(Exercise data):
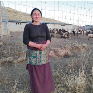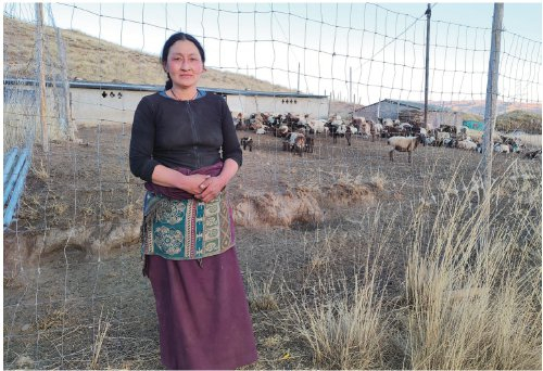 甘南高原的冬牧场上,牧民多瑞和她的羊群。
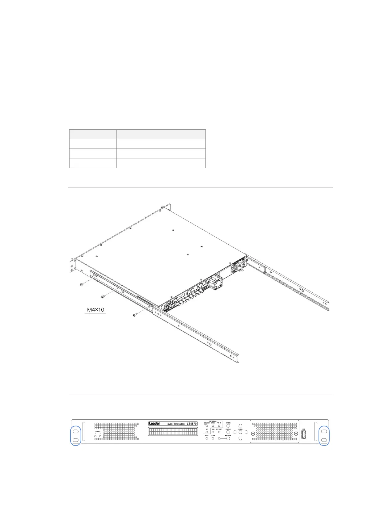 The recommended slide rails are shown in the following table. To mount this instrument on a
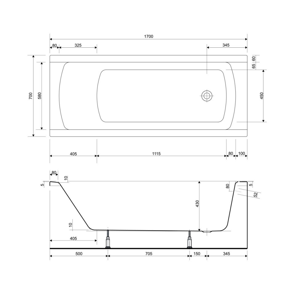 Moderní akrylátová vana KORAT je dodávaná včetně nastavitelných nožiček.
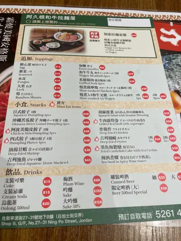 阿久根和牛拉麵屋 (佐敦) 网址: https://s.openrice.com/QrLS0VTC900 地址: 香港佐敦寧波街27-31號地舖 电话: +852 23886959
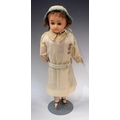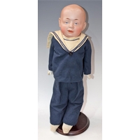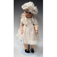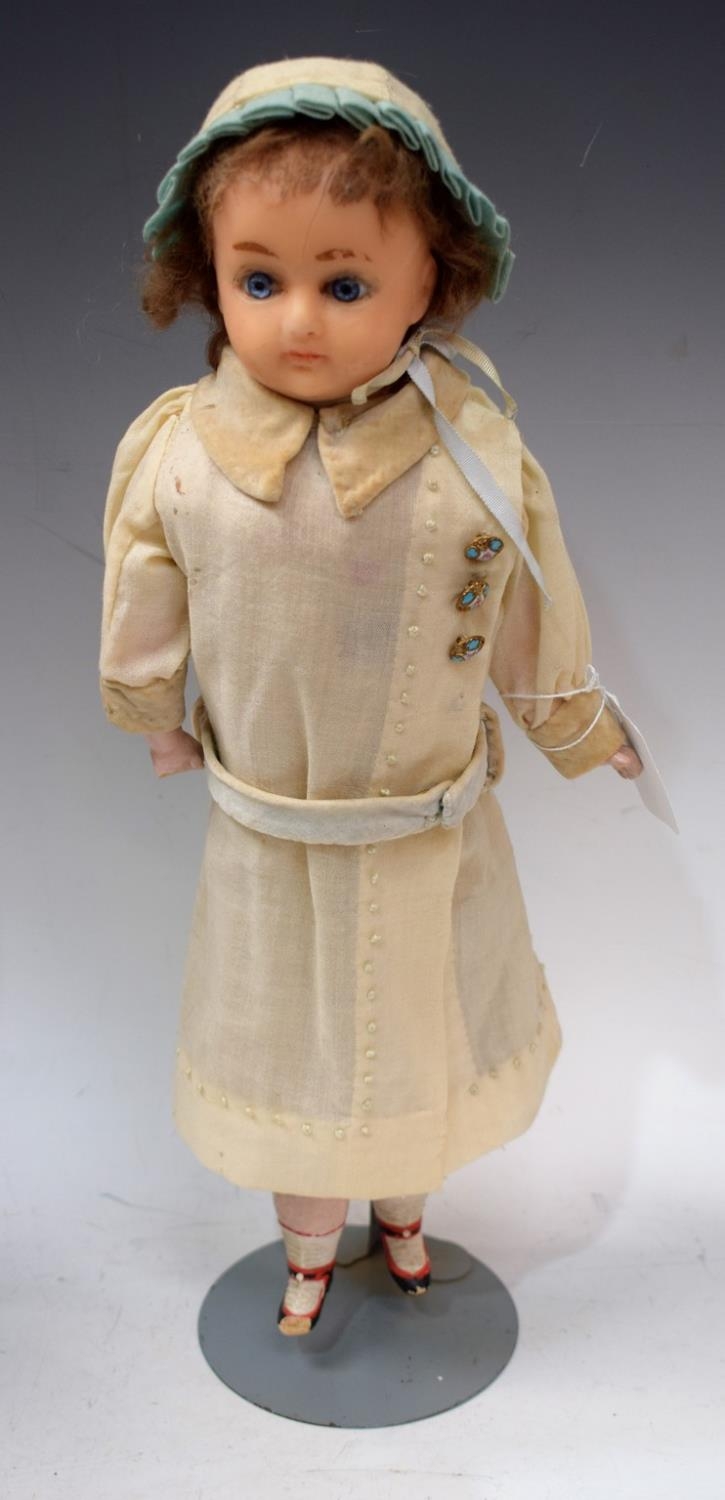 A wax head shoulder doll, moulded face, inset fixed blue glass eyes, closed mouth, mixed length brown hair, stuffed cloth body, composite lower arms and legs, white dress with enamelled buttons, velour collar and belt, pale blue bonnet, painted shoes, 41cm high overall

(What is required): From the first record to the last, transcribe everything exactly but drop the pictures.

(Solution to this task):
 甘南高原的冬牧场上,牧民多瑞和她的羊群。
 The recommended slide rails are shown in the following table. To mount this instrument on a
 Moderní akrylátová vana KORAT je dodávaná včetně nastavitelných nožiček.
 阿久根和牛拉麵屋 (佐敦) 网址: https://s.openrice.com/QrLS0VTC900 地址: 香港佐敦寧波街27-31號地舖 电话: +852 23886959
 A wax head shoulder doll, moulded face, inset fixed blue glass eyes, closed mouth, mixed length brown hair, stuffed cloth body, composite lower arms and legs, white dress with enamelled buttons, velour collar and belt, pale blue bonnet, painted shoes, 41cm high overall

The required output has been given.